Android Question RDC - authentication and security

[Harris]

The server config contains the DB user and password. What about accessing the RDC itself? We use the URL to the server to attach (with initialize). Is this secure?
Sure, SQL scripts on the server are a big help.
Should we devise our own method for allowing users on to the RDC before accessing the DB?

Anyone else have concerns?

Thanks

 

[Erel]

It is not possible to read the config file from outside.

We use the URL to the server to attach (with initialize). Is this secure?

What do you mean with secure? Do you want to hide this URL? You cannot. Users can always use a network monitoring tool to see the requests.

 

[warwound]

I think the concern is that anyone could in theory connect to the RDC server and execute write queries.
There's no authentication between client and RDC server.

This could lead to malicious hackers modifying tables or inserting bogus data.

Martin.

 

[Erel]

I think the concern is that anyone could in theory connect to the RDC server and execute write queries.

Note that the queries are set in the server config file. It is not possible to execute other queries.

You will need to implement the authentication process in your app.

You can then download the queries keys from the authentication server instead of hardcoding them in your app. A hacker will not be able to guess the queries keys.

 

[warwound]

Maybe some sort of security could be achieved:

• Create a new table 'auth_keys' with columns 'device_id' and 'auth_key'.
• Create a new command 'get_auth_key' that accepts a single parameter - a unique device id.
  The command returns the 'auth-key' column from 'auth_keys' table if it exists, or creates a new 'auth_key', inserts it into 'auth_keys' table and returns the 'auth_key' to the device.
• All defined write commands (INSERT, UPDATE etc) would have to accept an 'auth_key' parameter.
• All tables used by write commands would have to have an 'auth_key' column created.
• Now a trigger could be created on all tables used by write commands.
  The trigger could execute before the write command is executed, it'd check that the 'auth_key' in the write command exists in the 'auth_keys' table.
  If 'auth_key' exists in the 'auth_keys' table then the write command would be executed, otherwise the write command would not be executed.
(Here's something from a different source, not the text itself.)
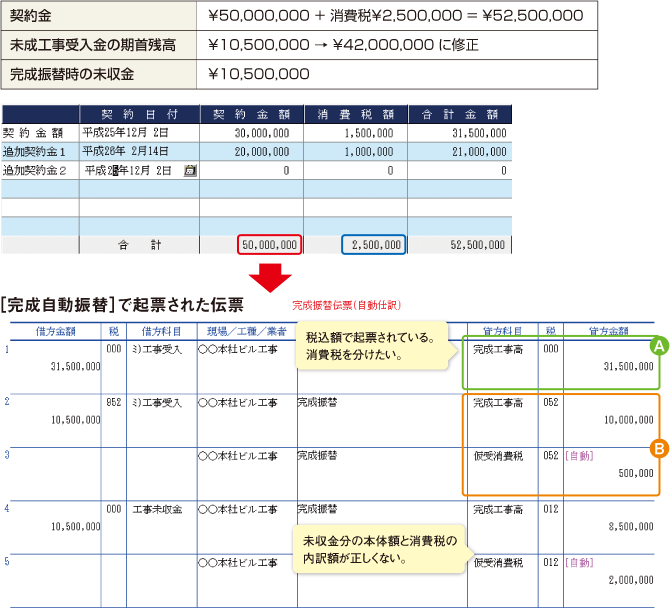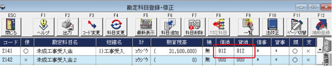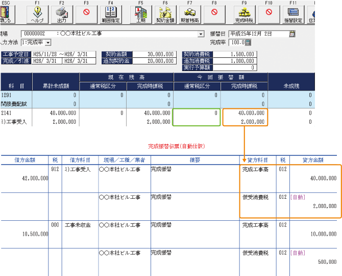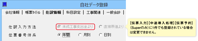 この現象は [初期設定] - [自社データ設定] -「仕訳情報」タブの「仕訳入力方法」で「未成工事支出金(仕掛品)」を選択し、かつ [マスター登録] - [勘定科目登録] や [補助科目登録] で、完成時課税区分(未工事支出金(仕掛品)科目の[952][972]、未成工事受入金(前受金)[912]など)を設定している場合に関係します。

That'd add some code and processing overhead to usage of RDC but provide a layer of authentication.

It'd not be entirely hack proof - a determined hacker could monitor network traffic and find the 'auth_key' being used by their device and the write commands being sent.
I'd guess the only way to prevent such hacks would be to use the HTTPS protocol to connect to the RDC server and that'd start to makes things much more complicated.

Martin.

 

[keirS]

Jetty on which RDC is based has Basic authentication built in to it. Perhaps Erel could release a version with it implemented?

 

[Erel]

Adding the basic authentication will not make any difference. If someone is running your app and monitoring the traffic then the authentication headers will be visible together with the link.